Repetitive sex change in the stony coral Herpolitha limax across a wide geographic range

Abstract

Sex change has been widely studied in animals and plants. However, the conditions favoring sex change, its mode and timing remain poorly known. Here, for the first time in stony corals, we report on a protandrous (youngest individuals are males) repetitive sex change exhibited by the fungiid coral Herpolitha limax across large spatial scales (the coral reefs of Japan, Jordan and Israel) and temporal scales (2004-2017). In contrast to most corals, this species is a daytime spawner (08:00-10:00 AM) that spawned at the same time/same date across all the study sites. The sporadically scattered populations of H. limax among the coral reefs of Eilat (Israel) and Aqaba (Jordan) exhibited significantly slower growth, earlier sex change, and lower percentages of reproduction and sex change in comparison to the densely aggregated populations in Okinawa (Japan). At all sites, sex ratio varied among years, but was almost always biased towards maleness. Growth rate decreased with size. We conclude that comparable to dioecious plants that display labile sexuality in response to energetic and/or environmental constraints, the repetitive sex change displayed by H. limax increases its overall fitness reinforcing the important role of reproductive plasticity in the Phylum Cnidaria in determining their evolutionary success.

Figure 1

Herpolitha limax: a sequential hermaphrodite daytime spawner. (a) An example of a tagged individual (using a numeric plastic tag attached by a nylon fishing cord inserted through a thin hole drilled at the edge of the coral skeleton) monitored throughout the span of the study. A total of 480 individuals were monitored at the three study sites (175, 93 and 212 specimens in Okinawa, Eilat and Aqaba, respectively). (b) Male shedding spurts of sperm through multiple mouth openings. (c) Female shedding eggs through multiple mouth openings. In contrast to most corals, this species is a daytime spawner (releasing gametes between 8 am to 10 am for 5–7 consecutive days, five days after the full moon, of June-August or July-September). In all three study sites H. limax released gametes during the same months, same lunar age and at exactly the same time, in consecutive years.

Figure 2

Herpolitha limax (Okinawa, Japan): a heat-map displaying ‘expressed sexuality’ per individual coral (i.e corals whose reproduction had been studied for two years or more) throughout the study years. The cluster-aggregated boxplots to the right of the heat-map display the individual coral weight (g). Centerlines show the medians; box limits indicate the 25^th and 75^th percentiles; whiskers extend to min and max values and the range is colored in accordance with the legend below the heat-map; data points are represented by blank circles. n (from top to bottom) = 10, 21, 43, 22 individual coral weights. The color of each cell in the heat-map corresponds to the legend below it.
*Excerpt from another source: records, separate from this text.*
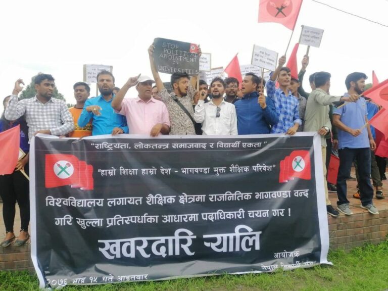 काठमाडौं, (नेस) ।दलीय भागबन्डाका कारण विश्वविद्यालयको शैक्षिक वातावरण बिग्रिएको आरोप लगाउँदै नेविसंघले खबरदारी र्याली निकालेको छ। नेविसंघले आइतबार माइतीघर मण्डलाबाट बानेश्वरसम्म र्याली निकालेको हो।
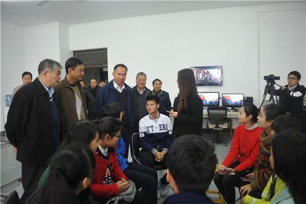 程艺一边兴致勃勃地察看学校的文化墙、学生宿舍、学生食堂、学生社团活动室、图书阅览室,观看同学们的板报和绘画作品,一边和汪建利以及志愿者们交谈询问有关情况。在得知我校志愿者自2012年9月实施支教活动以来,志愿者们寒来暑往,风雨无阻,从未间断,有团队接力,有自编教材,有经费保障,有研究拓展,项目合作走向常态化、科学化,成为学生认知社会和提升实践能力与综合素质的重要窗口与平台,通过支教使得学生精神面貌、艺术素养和课堂气氛发生了可喜变化,程艺十分高兴,他同志愿者们一一握手,高度赞扬同学们的支教义举,充分肯定支教活动的重要意义和实际成效,并对今后的支教活动提出了新的更高的要求,对大学生成长成才提出了指导性意见。他鼓励同学们带着问题与思考到支教实践中锻炼实践能力和自我管理能力,磨练意志,增长才干,在实践中锤炼坚强意志,提升素质。他希望学校进一步做好总结与推广,提升应用型人才培养水平,增强学生适应社会和创新创业的能力。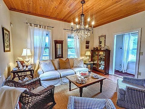 This charming circa 1900 home has been fully renovated. It has 2 Bedrooms and 2 1/2 baths. There have been several walls removed that could be replaced to add a third bedroom if desired. The home is situated downtown within walking distance to shopping, dining, and boutiques. Across the street there is a wonderful riverwalk in a beautiful historic town. All of the floors are hardwood with the exception of the kitchen and baths, which are quarried French Limestone tile. The ceiling heights are 10 ft. downstairs and 9 ft. upstairs. The ceilings are beadboard and the moldings are custom throughout. The master bedroom is spacious with several windows. The guestroom is inviting and comfortable. All appliances convey, with the exception of an all in one washer/dryer unit. This home is zoned Core Commercial however it can also be residential. It could be used as a "pied-a-terre"....live on the top floor and use the downstairs as an antique's store, an attorney's office, CPA office, book store, etc. The possibilities are unlimited!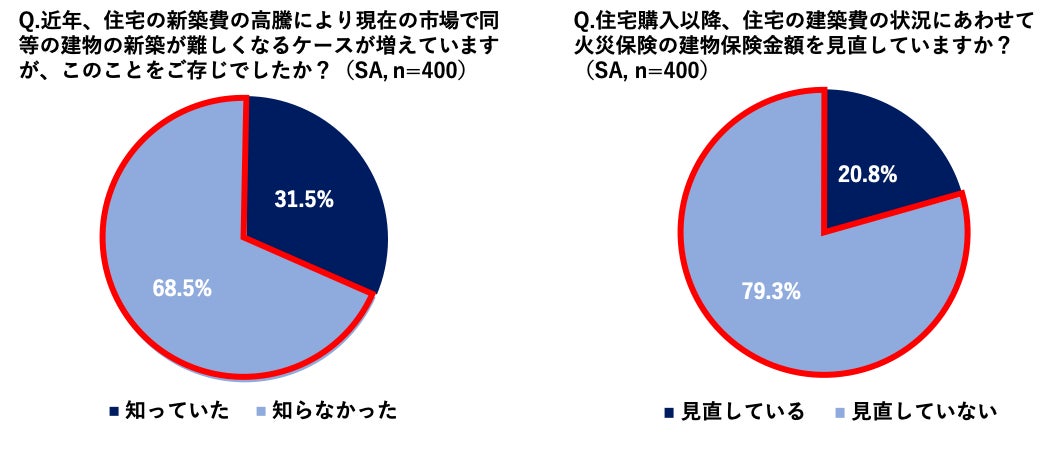 ソニー損害保険株式会社(代表取締役社⻑:丹羽 淳雄、本社:東京都大田区、以下「ソニー損保」)では、近年の建築費や原材料費の高騰の影響で戸建ての建築費が高騰していることを受けて、戸建てで火災保険を契約している全国400人を対象にした実態調査を行いました。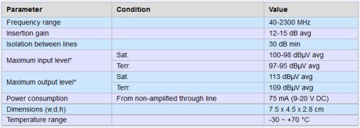 - Uniwersalny naziemno-satelitarny (2wejścia/2wyjścia) wzmacniacz.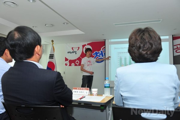 새누리당이청년들의 목소리를 정책에 담기 위해<청년공책(청년이 만든 공감 정책)>공개 발표회를개최했다.새누리당 청년정책국은31일 오후 여의도 당사에서공모전 발표회를 갖고가장 우수한 팀을 선정해상금을 수여했다.이날 공모전에는새누리당 이혜훈 최고위원, 안종범 정책위부의장전희재 사무부총장, 오신환 중앙청년위원장 등이심사위원으로 참석했다.공개 발표에서는전국에서 응모한 102팀 중 엄선된 5팀이치열한 경쟁을 펼쳤다.대상(200만원)의 영광은청소년들의 역사의식 함양과 일자리 창출 정책을 제안한<하이스토리텔러>팀(김나영, 전아림, 정유희, 하미림)에게돌아갔다.

Gray cells (ND) correspond to missing data and blue cells (NR) to non-reproductive coral. The rows (individual corals) are ordered by patterns of sexuality. Boxplot (a) – represents individuals that were documented only as ‘males’ throughout the study; Boxplot (b) – represents individuals that changed sex at least once but were not documented as having both gametes simultaneously (i.e. transitional); Boxplot (c) – represents individuals that were documented as containing both gametes simultaneously (i.e. transitional) at least once during the study. Boxplot (d) - represents individuals that were documented only as ‘females’ throughout the study.

Figure 3

Herpolitha limax: Size-frequency distribution of individuals for which sex was determined. Since individual corals in the population changed sex frequently, the calculation of size-frequency distribution was performed as an accumulation of data from all years. Data represent results from 2012 onward: Okinawa, Japan (2014–2017), Aqaba, Jordan (2013, 2015) and Eilat, Israel (2012–2017). Number of individuals (n) within each size group is indicated under the bars. Size groups (>1200 gr.) in Eilat contained only one individual indicated by (*) and are not shown in the figure.

Figure 4

Allometric relationship and size range at sex change of the monitored H. limax populations at Okinawa, Japan (2004–2017); Aqaba Jordan (2013–2016); and Eilat, Israel (2009–2017). Green triangles, males (M); red squares, females (F); gray X, non-reproductive (NR); orange circles, transitional stage (T). Number of individuals n (Okinawa) = 180, including 93 M, 57 F, 21NR and 9 T; N (Aqaba) = 178, including 39 M, 31 F, 103NR and 5 T; N (Eilat) = 157, including 45 M, 15 F and 97NR.

Figure 5

Herpolitha limax: average annual percentage increase in growth rate (weight) in different size groups, as measured at Okinawa, Japan (2004–2017); Aqaba, Jordan (2013–2016); and Eilat, Israel (2009–2017). Boxplot centerlines show the medians; box limits indicate the 25^th and 75^th percentiles; whiskers extend 1.5 times the interquartile range from the 25^th and 75^th percentiles; data points are represented by blank gray circles. Number of individuals (n) within each size group is indicated under the box.